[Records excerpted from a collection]
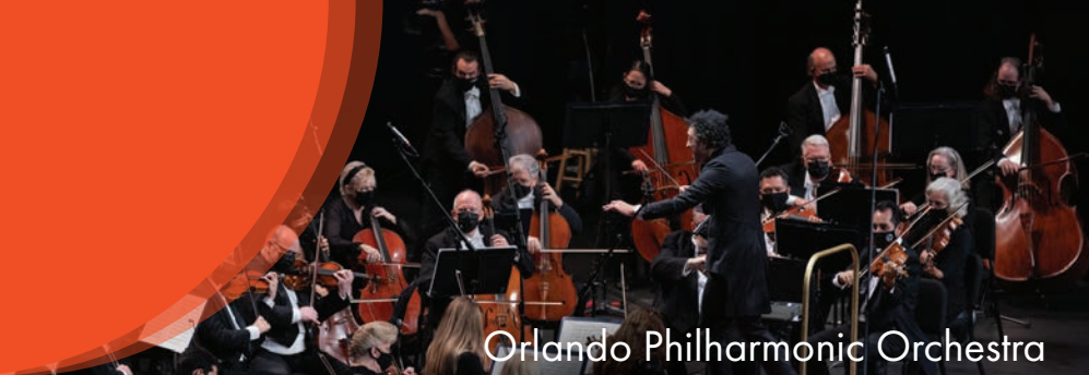
Orlando Philharmonic Orchestra
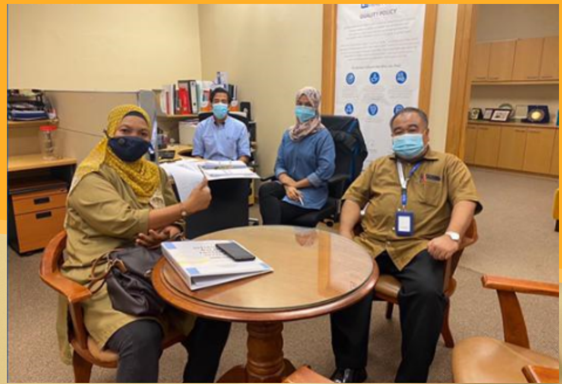
Gifted Icon Sdn Bhd 29 March 2021 Review on Halal Certification progress
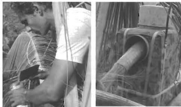
Neera tapping process
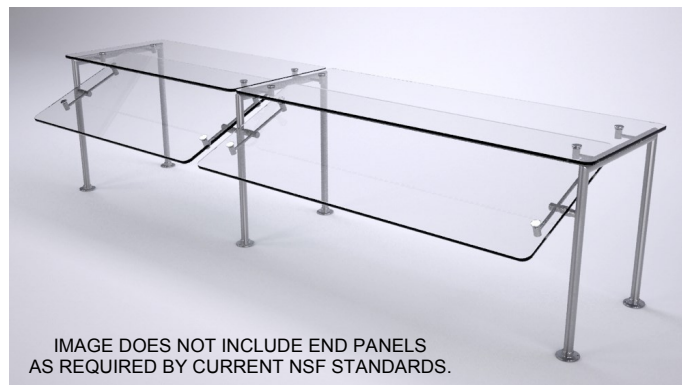
IMAGE DOES NOT INCLUDE END PANELS AS REQUIRED BY CURRENT NSF STANDARDS.

As required by current NSF / ANSI 2 standards, all food shields will be quoted with side end panels unless customer requests otherwise. Standards available upon request.

To do
Could you reproduce exactly the lines from the one containing "Neera tapping process" through the last line of the records, both included, leaving out the pictures?

Completed exercise
Neera tapping process
IMAGE DOES NOT INCLUDE END PANELS AS REQUIRED BY CURRENT NSF STANDARDS.

As required by current NSF / ANSI 2 standards, all food shields will be quoted with side end panels unless customer requests otherwise. Standards available upon request.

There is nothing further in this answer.